The Django API is located in the holyhack2023/api folder. The api_interface folder represents the actual API application, and the pocket_api folder contains Django's configuration files.
The backend files are also located in the api_interface folder. Below you can find a short description of each:
- classification.py: this file takes a dataset of reviews (in English) as input. Using Linear Discriminant Analysis it comes up with keywords that appear in groups together, indicating a trend in the data. Then it connects to openAI's text-davinci-002 to find a word that most accurately describes the subject of these keywords. A dictionary with these subjects as keys and the keywords as values is returned.
- classification_dutch.py: same as classification.py, but for dutch data. These two files could easily be merged together to save space.
- sentiment_analysis.py: this file performs sentiment analysis on the data: it calculates polarity (is the review positive or negative) and subjectivity (is the review objective or subjective?) for one individual review. This file is called in the data_count.py file to calculate the average sentiment for a specific keyword.
- sentiment_dutch.py: similar to the file above for Dutch reviews, but it cannot determine subjectivity since the underlying model (a Dutch one) does not support it.
- views.py: this file defines the API's functions. The frontend can request data for a given keyword, receive data based on AI-inferred keywords (with the classification files), and request data that compares their company's reviews to their direct competitors.

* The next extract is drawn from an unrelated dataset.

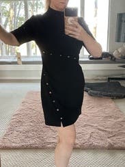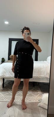 I felt so hot wearing this dress! The buttons and cut make it feel retro. The fabric is thick and the cut hugs your curbs in the most flattering way. The lil cut on the leg is sexy but not so much so that you can’t wear it to work. Highly recommend!

- synonyms.py: this file is currently not used in our implementation, but it is functional. It takes in a keyword and finds synonyms for it, which can then be passed to the data_count.py file to furthen the user's capabilities of "occurance analysis", in the end this only ended up working for english words since free Dutch synonyms apis are basically non existant
- data_load.py: This file defines some functions to load the data from the .json files into 4 lists: output, score, iterations, graph_values. These lists are used in the data_count.py file to get the data in the right format to be easy accessible for the data processing in data_count.py. Also the graph_values are displayed which are x and y values of how many times a keyword appears on a certain date in the reviews. Score is the total score that the keyword has gotten in all the reviews and is normalized later. We have 3 different data_load functions which all have their own purpose, data_load is a primitive function to extract data for the classification api. Data_load2 is used when there is a start and enddate between whom we want to extract the data. Data_load3 was a prototype and is deleted. Data_load4 is used to extract all the data from the whole dataset (enormous) as efficiënt as possible.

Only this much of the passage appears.